One detail that surprises many people is that safrole isn’t unique to sassafras. Nutmeg contains safrole at concentrations around 11 percent of its extract, along with 280 to 420 milligrams per kilogram of the whole seed. Black pepper, cinnamon, and star anise also contain trace amounts. These spices remain legal because their safrole concentrations are low enough in typical use that the FDA hasn’t targeted them the same way. Sassafras root bark, with oil that’s 80 percent safrole, is in a different category entirely.

This disparity is part of what fuels debate about whether the ban is proportionate. Critics point out that the rat studies used doses far higher than what a person would consume in a cup of tea. Supporters counter that the carcinogenic mechanism is well-established and that any unnecessary exposure to a known animal carcinogen in food is worth eliminating, especially when safrole-free alternatives exist.

What Happens if You Make It Anyway

Sassafras trees grow wild across the eastern United States, and foraging the root bark for personal tea is something people still do. Enforcement at the individual level is virtually nonexistent.

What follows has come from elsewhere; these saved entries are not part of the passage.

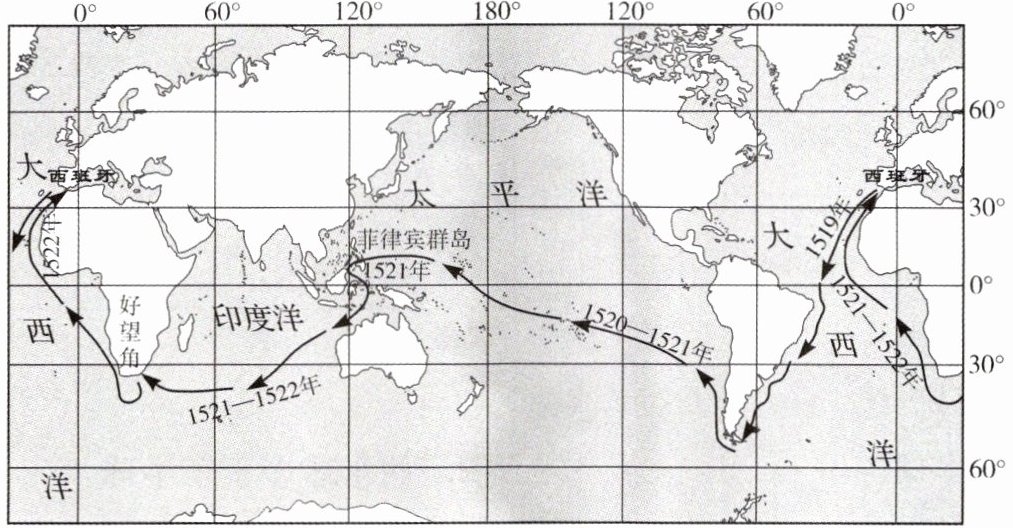 500 多年前,麦哲伦率领的船队完成了人类首次环球航行,证明了地球的形状为球体。下图为此次航行路线示意图。读图,完成 1~3 题。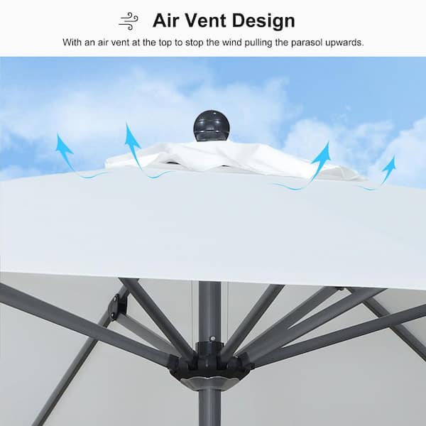 10 ft. Square Patio Umbrella Outdoor Table Umbrella Aluminum Frame Market Umbrella with 8-Sturdy Ribs, White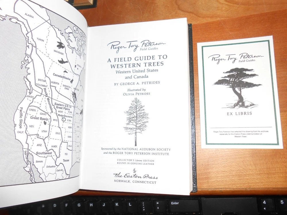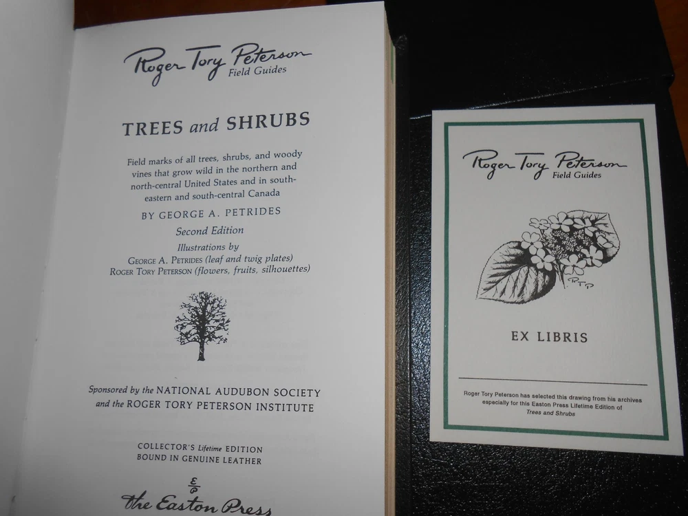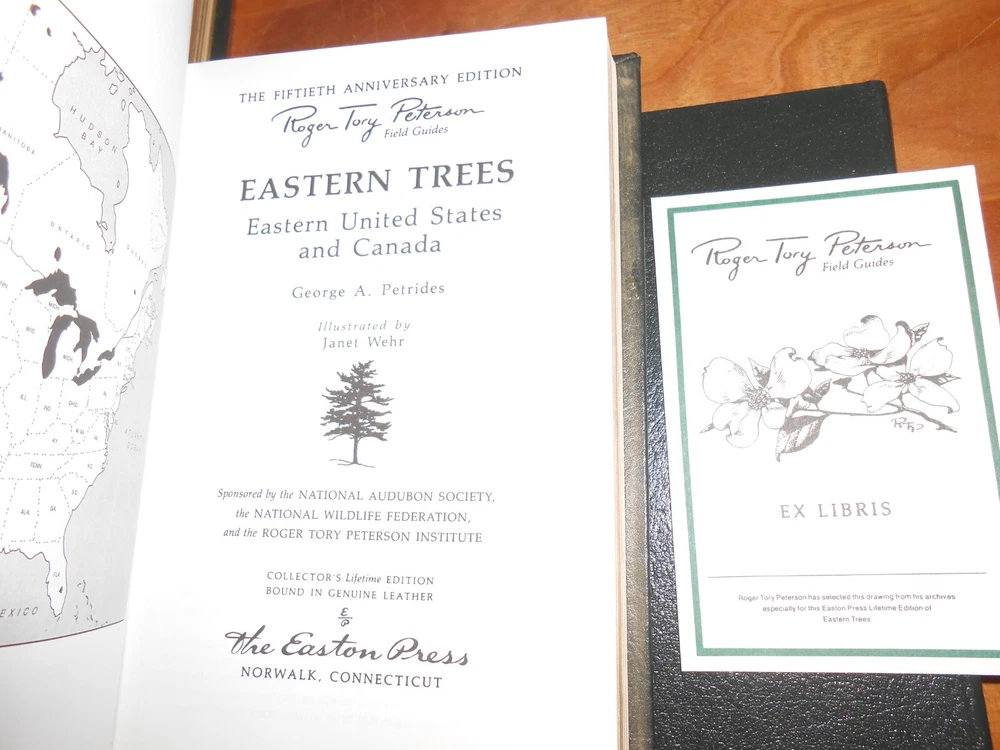 Easton Press Special 50th Anniversary Edition. Leather bindings, gilded page edges, attached bookmark and unused bookplates. This Lot of 4 focuses on Trees from the Plant series and is listed with the spine label and the original PFG (Pacific Field Guide) number:: Dark Green (Plants, etc.) TREES AMD SJRIBS PFG 11A: A Field Guide to Trees and Shrubs: Field Marks of All Trees, Shrubs, and Woody Vines That Grow Wild in the Northeastern and North-Central United States Second edition (1972), by George A. Petrides: EASTERN TREES PFG 11B: PFG 11A A Field Guide to Eastern Trees: Eastern United States and Canada (1988), by George A. Petrides; Illustrated by Janet Wehr EASTERN FORESTS PFG 37: A Field Guide to the Ecology of Eastern Forests: North America (1988), by John C. Kricher; Illustrated by Gordon Morrison WESTERN TREES PFG 44: A Field Guide to Western Trees: Western United States and Canada (1992), by George A. Petrides; Illustrated by Olivia Petrides Leather Hardcovers Condition: RATED: USED: Like New condition. See Condition Description for details. Please review all photos. Dimensions: 7.5” (H) x 4.75” (W) x 4.5” (Shelf Width). Will be shipped in one box. (Shipping approximately 5 lbs. total weight) Local Pickup (Sacramento, CA): Our store hours are 9am to 3pm, Wednesdays, Fridays and Saturdays. Pickup date must be pre-arranged. International shipping is with eBay’s Global Shipping Program only. International Buyers - Please Note: Import duties, taxes, and charges are not included in the item price or shipping cost. These charges are the buyer's responsibility. Please check with your country's customs office to determine what these additional costs will be prior to bidding or buying. Please visit the Sacramento Book Den eBay store for other great books. Click here for the Sacramento Book Den eBay store All proceeds go to the Sacramento Public Library. Thank you for your consideration of this lot of 4 Easton Press Roger Tory Peterson Field Guides "Trees". Locator: 26658JB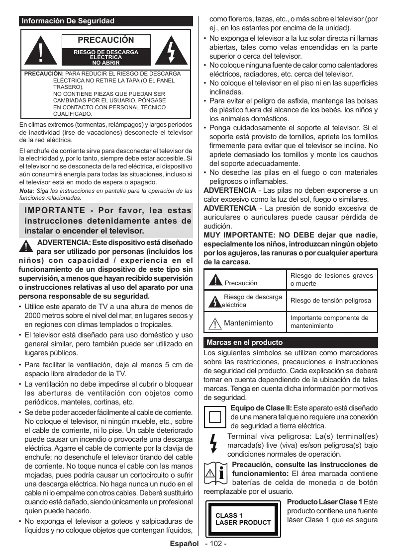 GUALIFICADO. En dlimas extremos (tormentas, relémpagos) y largos periodos de inactividad (irse de vacaciones) desconecte el televisor de la red eléctrica. El enchufe de corriente sirve para desconectar el televisor de la electricidad y, por lo tanto, siempre debe estar accesible. Si eltelevisor no se desconecta de la red eléctrica, el dispositivo aün consumiré energia para todas las situaciones, incluso si el televisor estä en modo de espera 0 apagado. Nota: Siga las instrucciones en pantalla para la operaciôn de las funciones relacionades. IMPORTANTE - Por favor, lea estas instrucciones detenidamente antes de instalar o encender el televisor. ADVERTENCIA: Este dispositivo estä diseñado para ser utilizado por personas (incluidos los niños) con capacidad / experiencia en el funcionamiento de un dispositivo de este tipo sin supervisiôn, a menos que hayan recibido supervisiôn o instrucciones relativas al uso del aparato por una persona responsable de su seguridad. + Utlice este aparato de TV a una altura de menos de 2000 metros sobre el nivel del mar, en lugares secos y en regiones con climas templados o tropicales. El televisor esté diseñado para uso doméstico y uso general similar, pero también puede ser utilizado en lugares püblicos. Para faciltar la ventilaciôn, deje al menos 5 cm de espacio libre alrededor de la TV. La ventilaciôn no debe impedirse al cubrir o bloquear las aberturas de ventilaciôn con objetos como periédicos, manteles, cortinas, etc. Se debe poder acceder fâcimente al cable de corriente. No coloque el televisor, ni ningün mueble, etc. sobre el cable de corriente, ni lo pise. Un cable deteriorado puede causar un incendio o provocarle una descarga eléctrica. Agarre el cable de corriente por la clavija de enchufe; no desenchufe el televisor tirando del cable de corriente. No toque nunca el cable con las manos mojadas, pues podria causar un cortocircuito o sufrir una descarga eléctrica. No haga nunca un nudo en el cable nilo empalme con otros cables. Deberä sustituiro cuando esté dañado, siendo ünicamente un profesional quien puede hacerlo. + No exponga el televisor a goteos y salpicaduras de liquidos y no coloque objetos que contengan liquidos, como floreros, tazas, etc., o mäs sobre eltelevisor (por ei. en los estantes por encima de la unidad). + No exponga el televisor a la luz solar directa ni llamas abiertas, tales como velas encendidas en la parte superior o cerca del televisor. No coloque ninguna fente de calor como calentadores eléctricos, radiadores, etc. cerca del televisor. + No coloque el televisor en el piso ni en las superficies inclinadas. Para evitar el peligro de asfixia, mantenga las bolsas de pléstico fuera del alcance de los bebés, los niños y los animales domésticos. Ponga cuidadosamente el soporte al televisor. Si el soporte estä provisto de tomillos, apriete los tornillos firmemente para evitar que el televisor se incline. No apriete demasiado los tomillos y monte los cauchos del soporte adecuadamente. + No deseche las pilas en el fuego o con materiales peligrosos o inflamables. ADVERTENCIA - Las pilas no deben exponerse a un calor excesivo como la luz del sol, fuego o similares ADVERTENCIA - La presiôn de sonido excesiva de auriculares o auriculares puede causar pérdida de audiciôn. MUY IMPORTANTE: NO DEBE dejar que nadie, especialmente los niños, introduzcan ningün objeto porlos agujeros, las ranuras o por cualquier apertura de la carcasa. À Prccaucién Riesgo de lesiones graves © muerte Riesgo de descarga Riesgo de tensiôn peligrosa Acces s peig u importante componente de /\ Mantenimiento mantenimiento, Marcas en el producto Los siguientes simbolos se utlizan como marcadores sobre las restricciones, precauciones e instrucciones de seguridad del producto. Cada explicaciôn se deberä tomar en cuenta dependiendo de la ubicaciôn de tales marcas. Tenga en cuenta dicha informaciôn por motivos de seguridad. Equipo de Clase II: Este aparato estä diseñado [0] | de una manera tal que no requiere una conexion de seguridad a tierra eléctrica. Terminal viva peligrosa: La(s) terminal(es) L marcada(s) live (Viva) es/son peligrosa(s) bajo condiciones normales de operaciôn. 31 Precauciôn, consulte las instrucciones de [A] J | funcionamiento: El ârea marcada contiene baterias de celda de moneda o de botôn reemplazable por el usuario. Producto Läser Clase 1 Este producto contiene una fuente léser Clase 1 que es segura CLASS 1 LASER PRODUCT Español - 102-
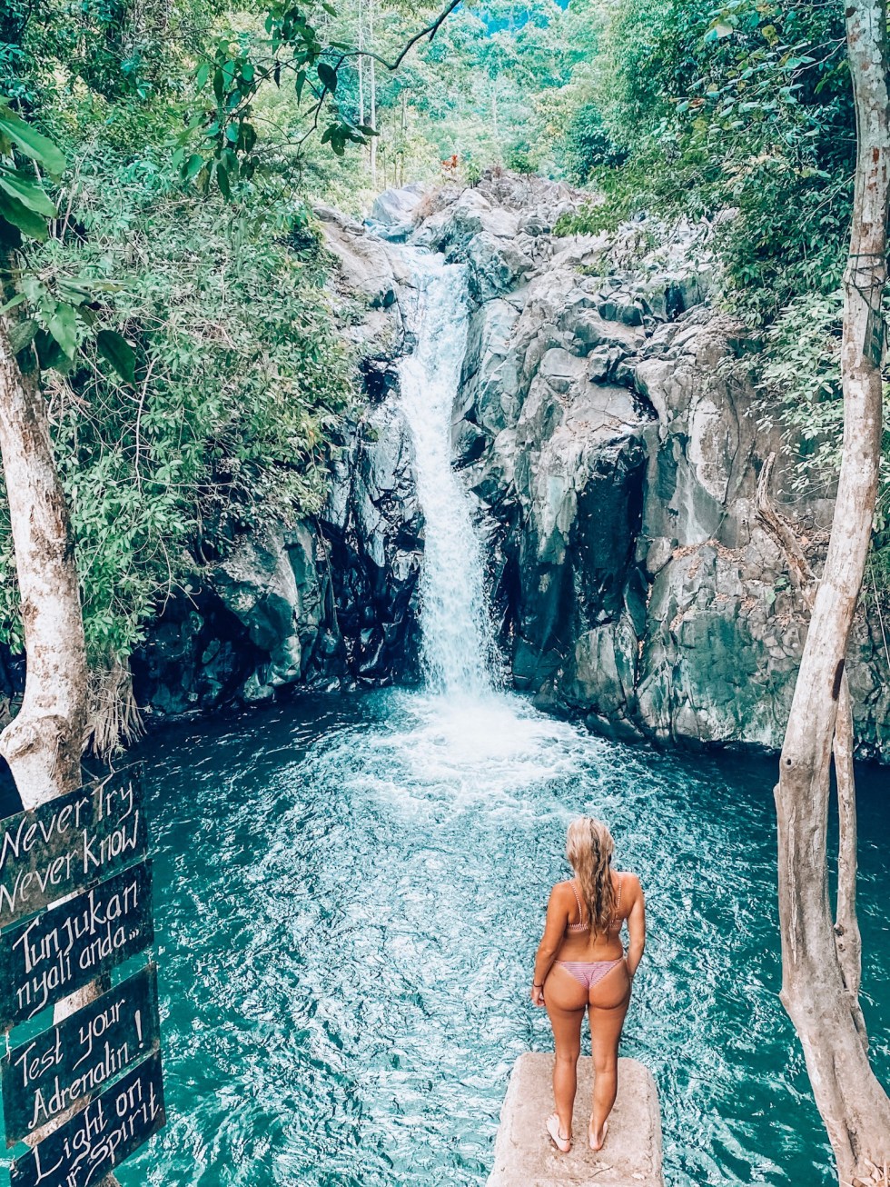 The next day, 4 of us went to Aling-Aling waterfalls in Sambangan. We paid 50,000 rupiah each to do the tour. You have to have a guide to do it. It’s a very steep and slippery trek down. I recommend water shoes. You’ll first see Aling-Aling waterfall. It’s split into two streams, with water coming down at different speeds. You are not allowed to get in the water here, as it is sacred.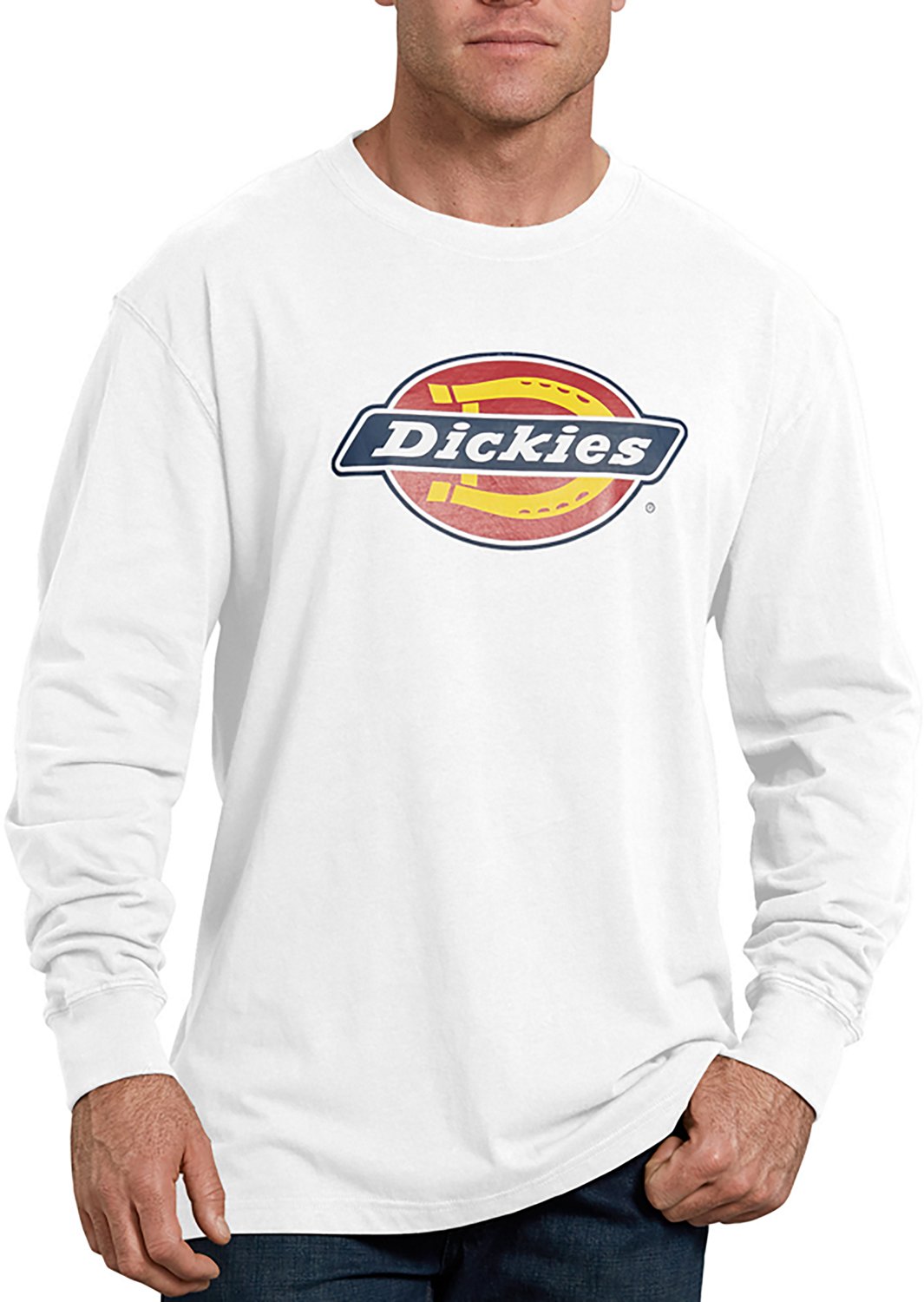 Great as an extra layer on cooler days, the Dickies Men's Icon Graphic Long Sleeve T-shirt displays a bold Dickies graphic on the front that shows off your style. The cotton jersey and tagless label lend a soft, comfortable feel.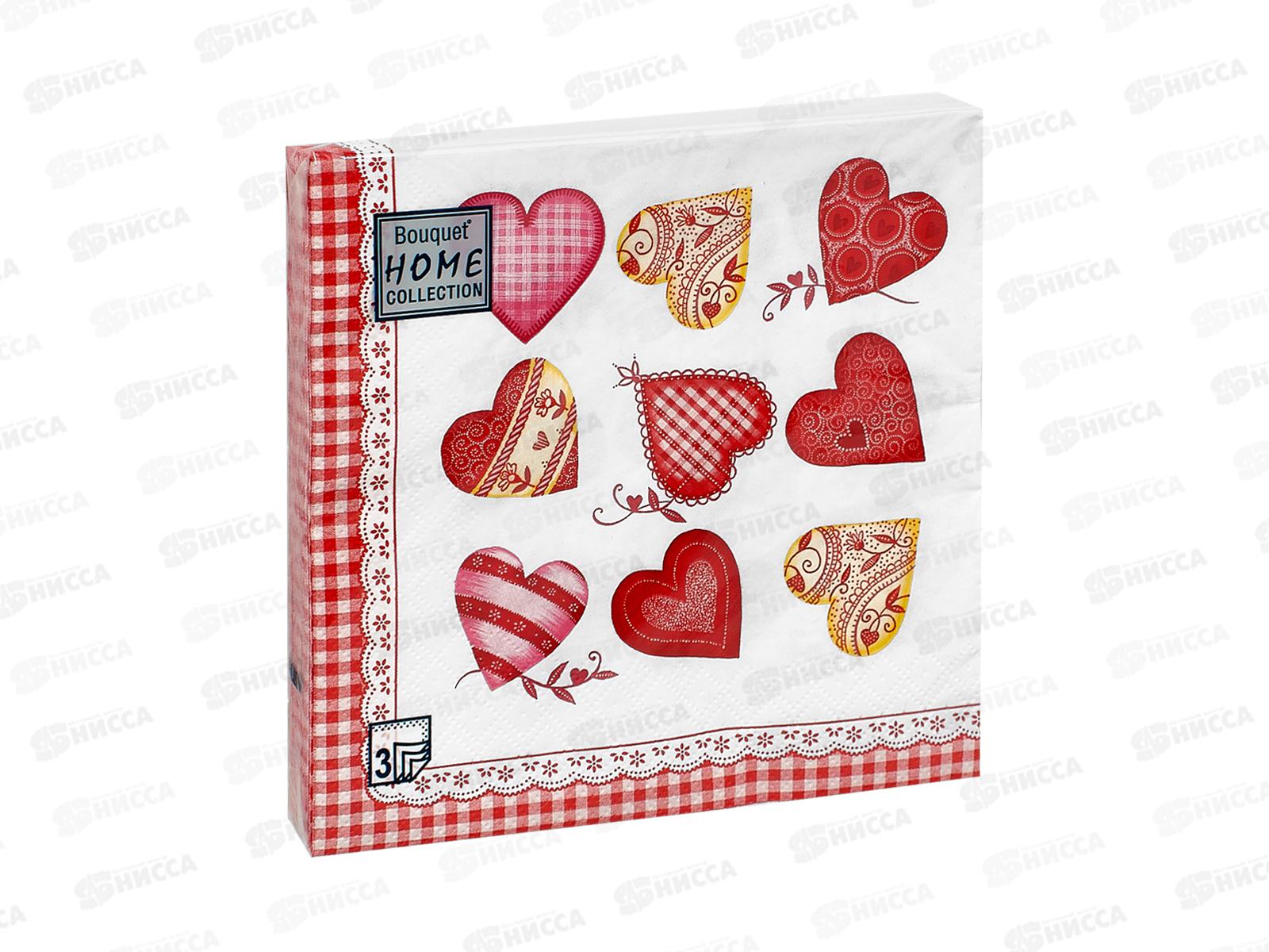 Салфетки 3 слойные 20 листов 33*33 Bouquet Home Прекрасные сердца 25325*12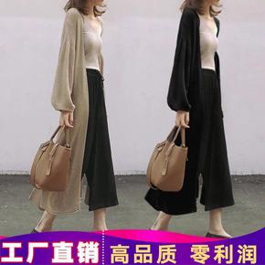 长款开衫2022春夏韩版宽松冰丝针织外套女大码灯笼...
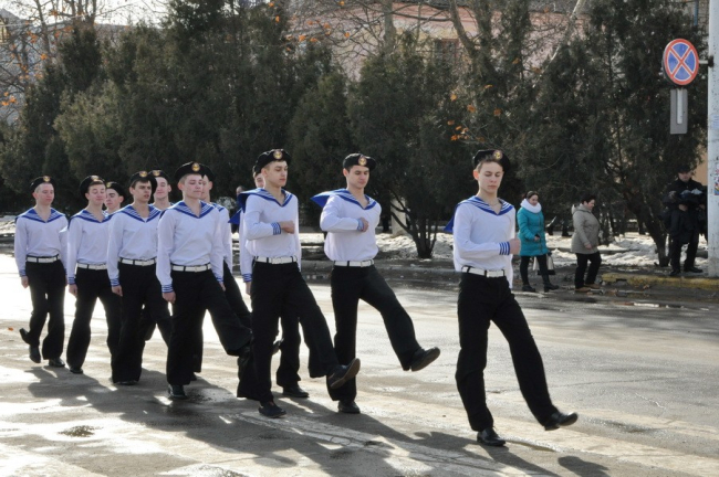 Затем по площади Победы парадом прошли юнармейцы муниципальных школ. Их поприветствовал и поздравил с праздником глава госадминистрации Василий Малай.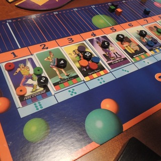 次は音楽業界のチャートでのランキングをテーマにしたゲーム「シュリレシュテレ」です。木製のCDプレイヤーと呼ばれるギミックがかなり凝っていますが、同時ビッドをしつつ誰がどのビッドをしたかが分からないようになっており、機能的です。各プレイヤーは、毎ラウンド自分のレーベルをヒットチャートの上に押し上げるために、そして1位や赤丸急上昇のアーティストを予想するために自分のCDに木製チップをビッドしていきます。このCDがプレイヤーにセットされて、14位から順に発表していくというわけです。このときCDを抜くにはちょっとコツがいるので、練習が必要かもしれません。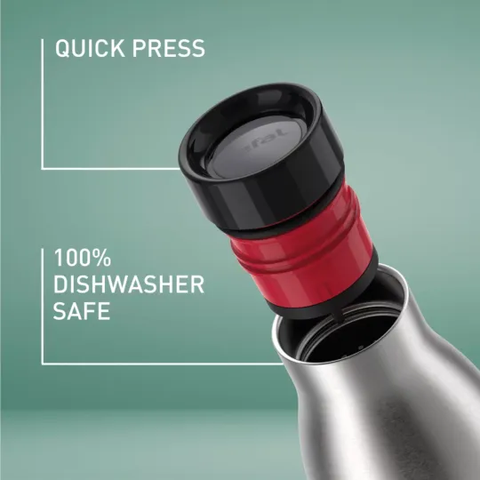 Choose sustainability without foregoing style! With the TEFAL BLUDROP Drinking Bottle, stunning aesthetics merge with an environmentally friendly design—for a reusable drinking bottle that's made to last. Crafted from stainless steel and featuring a silicon sleeve or powder coating and a unique Quick-Press lid with 360° drinking, it's the perfect solution for hot and cold drinks alike.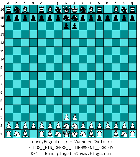 Last move : 0-1 2009 March 21 1:48:21 [Event "FICGS__BIG_CHESS__TOURNAMENT__000039"] [Site "FICGS"] [Date "2009.03.20"] [Round "1"] [White "Louro,Eugenio"] [Black "Vanhorn,Chris"] [Result "0-1"] [WhiteElo ""] [BlackElo ""] 0-1 Follow this game move after move (download)I still hope to kill Fischer. (Boris Spassky) Über die Verhaftung Bobby Fischers: Warum es die Bush-Administration für nötig befindet einen 61 Jahre alten Mann zu hetzten, der für niemanden ausser sich selbste eine Gefahr darstellt ist ein Rätsel. (Nigel Short) El Ajedrez es en su esencia, un juego. En su forma, un arte. Y en su ejecución, una ciencia. (Baron Tassilo) Même si l'adversaire joue le coup analysé précédemment, recommencez l'analyse en voyant la nouvelle position. Première règle de Blumenfeld The beginning of wisdom is silence. The second step is listening. (Unknown)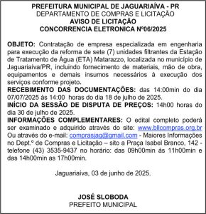 Aviso de Licitação Concorrência Eletrônica N° 06/2025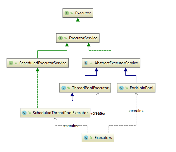 Executors是一个工具类,用其可以创建ExecutorService、ScheduledExecutorService、ThreadFactory、Callable等对象。它的使用融入到了ThreadPoolExecutor, ScheduledThreadExecutor和ForkJoinPool中。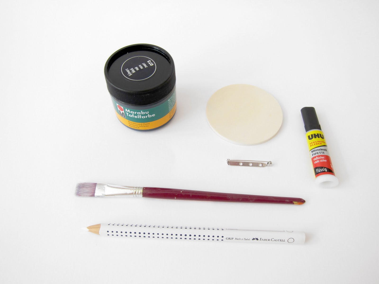 2. Die Farbe gut trocknen lassen und die Broschennadel mit dem Sekundenkleber auf der Rückseite festkleben.

You won’t find federal agents knocking on your door for boiling bark. The law primarily targets commercial sale: you cannot legally sell sassafras tea, sassafras root bark marketed for tea, or any food product containing safrole. Online vendors who sell sassafras root bark typically label it “not for human consumption” or market it for potpourri and similar uses to skirt the regulation.

The practical risk of drinking an occasional cup of sassafras tea is a different question from the legal one. The FDA ban treats safrole as having no safe threshold in food, a regulatory stance that doesn’t distinguish between daily consumption and a single cup. But the cancer risk established in animal studies involved repeated, high-dose exposure over time, not occasional use. That context doesn’t change the law, but it does explain why some herbalists and traditional food enthusiasts view the ban as overly broad.